«En un lugar de la Mancha, del kual no kero akordarme el nombre, biviya, no muncho tiempo antes, un senyor (…)».
En esa frase no hay ningún error ortográfico ni de sintaxis.
Está escrita en judeoespañol, también conocido como ladino o djudezmo.
Así se llama a la lengua que los sefardíes, los descendientes de los judíos contra quienes los Reyes Católicos firmaron en marzo de 1492 un edicto de expulsión, obligando a decenas de miles a dejar el país en las siguientes décadas y poniendo así fin a 1.500 años de presencia en la península Ibérica.
Los sefardíes, que no aceptaron la conversión al Cristianismo, ni la sumisión a los Reyes Católicos, se llevaron consigo la lengua allá donde fueron, del norte de África a Medio Oriente, del norte y centro de Europa a los Balcanes, desde el Imperio Otomano a América, y la conservaron hasta nuestros días, en distintas variantes, salpicada de préstamos de los idiomas locales y con varias grafías.
«El judeoespañol es una lengua maravillosa que hoy debería emocionar a cualquier hablante del idioma español«, dice el director de la Real Academia Española (RAE), Darío Villanueva, quien aplaude el interés mostrado por unos expertos en crear una rama del organismo dedicada al ladino en Israel.

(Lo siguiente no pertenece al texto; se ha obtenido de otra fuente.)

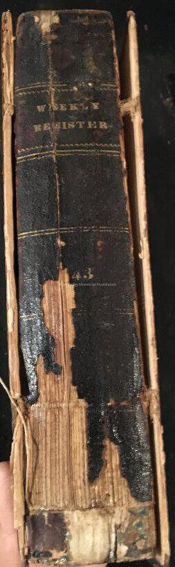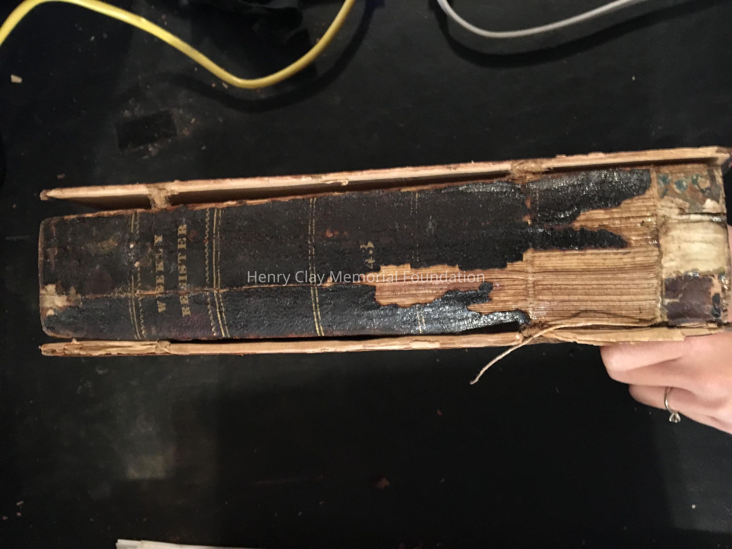 Leather cover, Spine is black, cracked and partially missing

Quizá sea una segunda evolución, después del proceso de la conversión a la nacionalidad española, de aquellos sefardíes que quisieran optar. Es lógico, que si se les concedió la nacionalidad española, se les conceda el reconocimiento de un idioma con raíces en España, y que ha pervivido durante siglos, pero eso el tiempo, y voluntad política lo dirá.